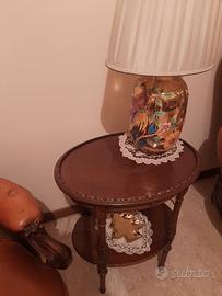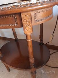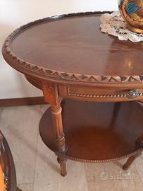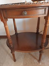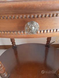 Tavolino alto vintage in noce, forma ovale, decorato, molto elegante. Con cassettino e doppio ripiano, forma leggiadra. Misure tavolino 55x40, altezza 63. Perfetto. Prezzo 160 euro. Non spedisco, visibile e ritirabile a Milano città. Astenersi perditempo.
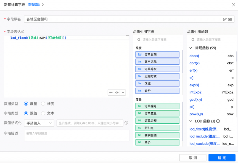 (1)新建計(jì)算字段支持LOD函數(shù)。
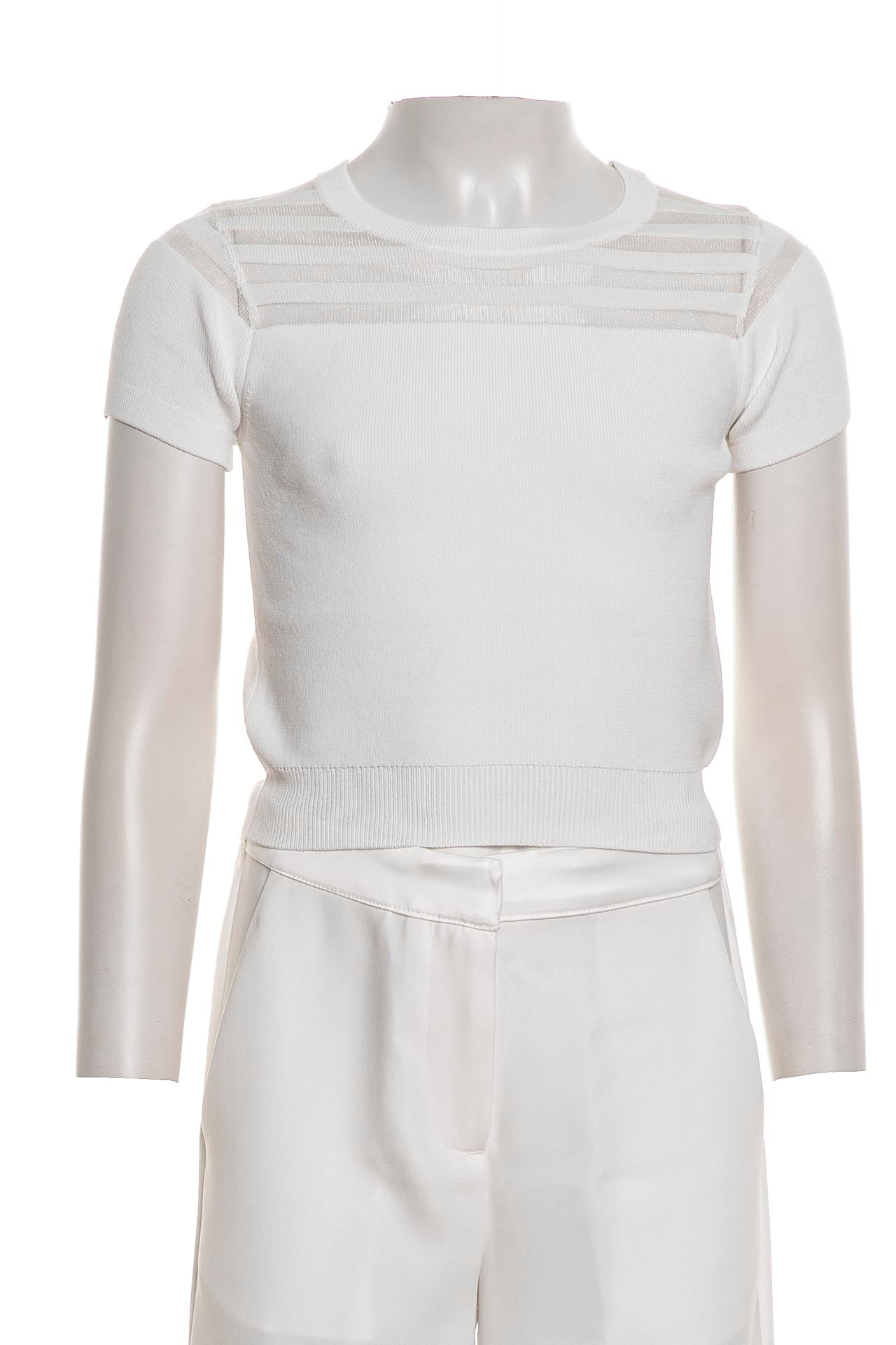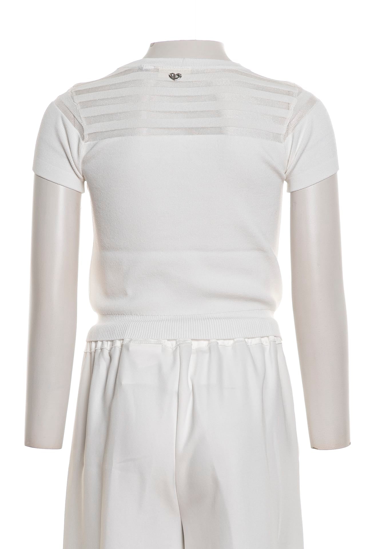 T-Shirt Sarabanda Pure Elegance Knit da bambina in filato rasato di viscosa e poliammide, a manica corta, con girocollo, polsini e cannolè a costine e inserti in mesh nella parte superiore del capo
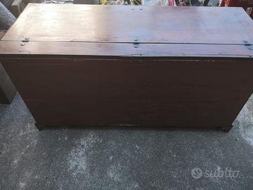 Antico cassettone con ribalta in rovere e intarsi, necessita di lieve restauro. Dimensioni cm 160 x 62 x H 80.
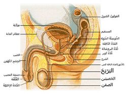 - البربخ: مجرى مكبب يقع فوق كل خصية يسلكه المني بعد خروجه من الخصية، وهنالك يبلغ المني قبل عبوره إلى القناة الناقلة.
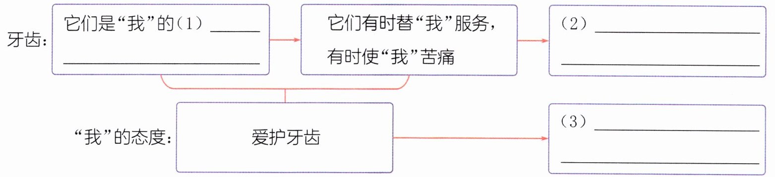1. (思维导图)在本文中,牙齿是怎样一步步“作恶”的?“我”对牙齿的态度又是怎样变化的?完成下图。
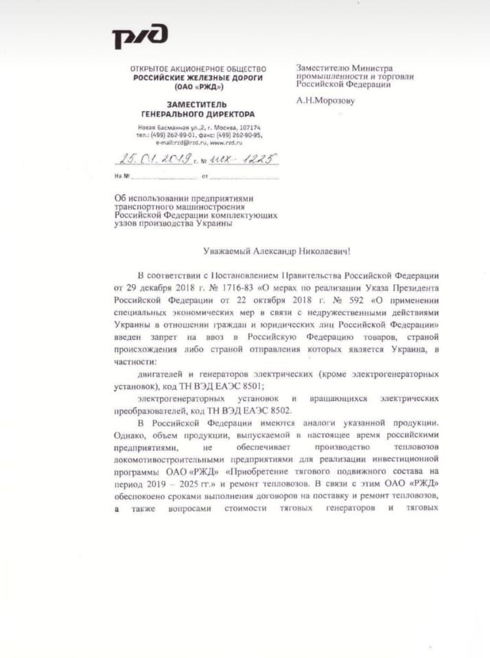 И вот эти «запросы» прозвучали. Как сообщает украинская пресса со ссылкой на «Белорусскую правду», замгендира РЖД Кобзев просит замглавы Минпромторга РФ Морозова посодействовать в отмене запрета на приобретение украинских двигателей и генераторов для производства и ремонта локомотивов.
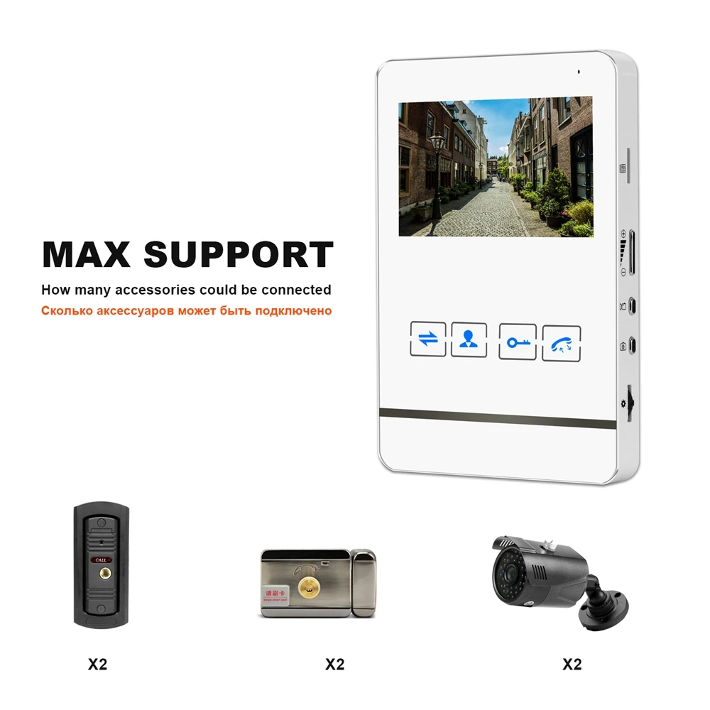 1 монитор поддерживает 2 Дверных звонка + 2 камеры
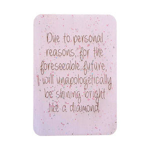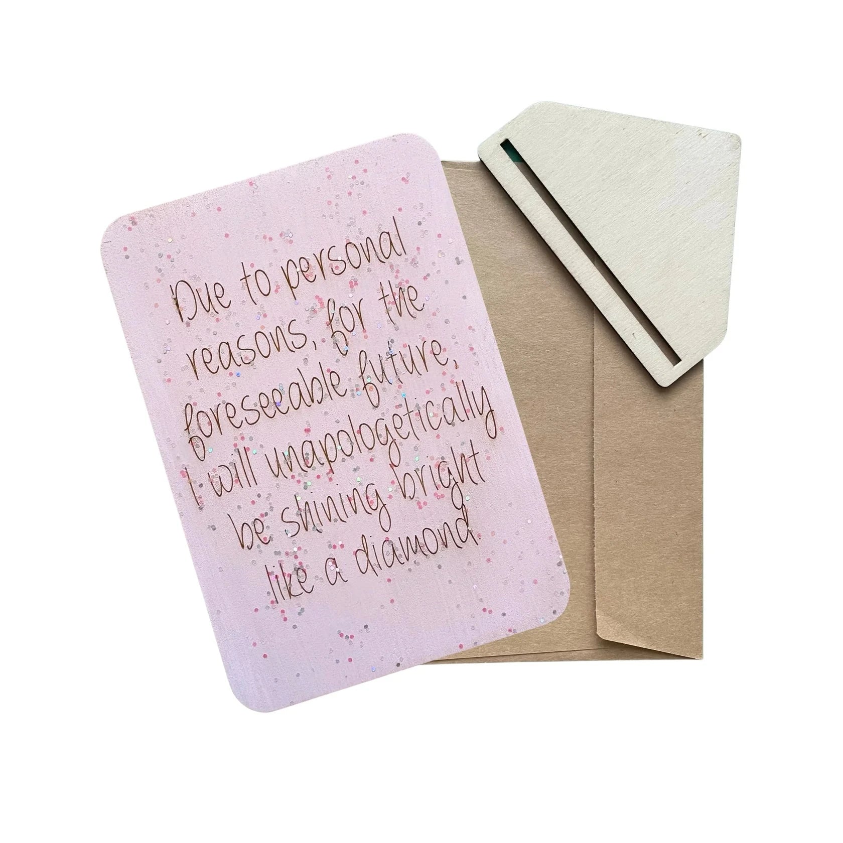 Due To Personal Reasons, for The Foreseeable Future I Will Shine bright like a diamond. Make someone's day extra special with our Ply Wood Card. Each card is a masterpiece of creativity and sentiment, designed to convey your warmest wishes on their special day.
======
*WORK TASK*:
Reproduce every line of the material precisely, omitting its pictures.

*REPLY*:
 Tavolino alto vintage in noce, forma ovale, decorato, molto elegante. Con cassettino e doppio ripiano, forma leggiadra. Misure tavolino 55x40, altezza 63. Perfetto. Prezzo 160 euro. Non spedisco, visibile e ritirabile a Milano città. Astenersi perditempo.
 (1)新建計(jì)算字段支持LOD函數(shù)。
 T-Shirt Sarabanda Pure Elegance Knit da bambina in filato rasato di viscosa e poliammide, a manica corta, con girocollo, polsini e cannolè a costine e inserti in mesh nella parte superiore del capo
 Antico cassettone con ribalta in rovere e intarsi, necessita di lieve restauro. Dimensioni cm 160 x 62 x H 80.
 - البربخ: مجرى مكبب يقع فوق كل خصية يسلكه المني بعد خروجه من الخصية، وهنالك يبلغ المني قبل عبوره إلى القناة الناقلة.
1. (思维导图)在本文中,牙齿是怎样一步步“作恶”的?“我”对牙齿的态度又是怎样变化的?完成下图。
 И вот эти «запросы» прозвучали. Как сообщает украинская пресса со ссылкой на «Белорусскую правду», замгендира РЖД Кобзев просит замглавы Минпромторга РФ Морозова посодействовать в отмене запрета на приобретение украинских двигателей и генераторов для производства и ремонта локомотивов.
 1 монитор поддерживает 2 Дверных звонка + 2 камеры
 Due To Personal Reasons, for The Foreseeable Future I Will Shine bright like a diamond. Make someone's day extra special with our Ply Wood Card. Each card is a masterpiece of creativity and sentiment, designed to convey your warmest wishes on their special day.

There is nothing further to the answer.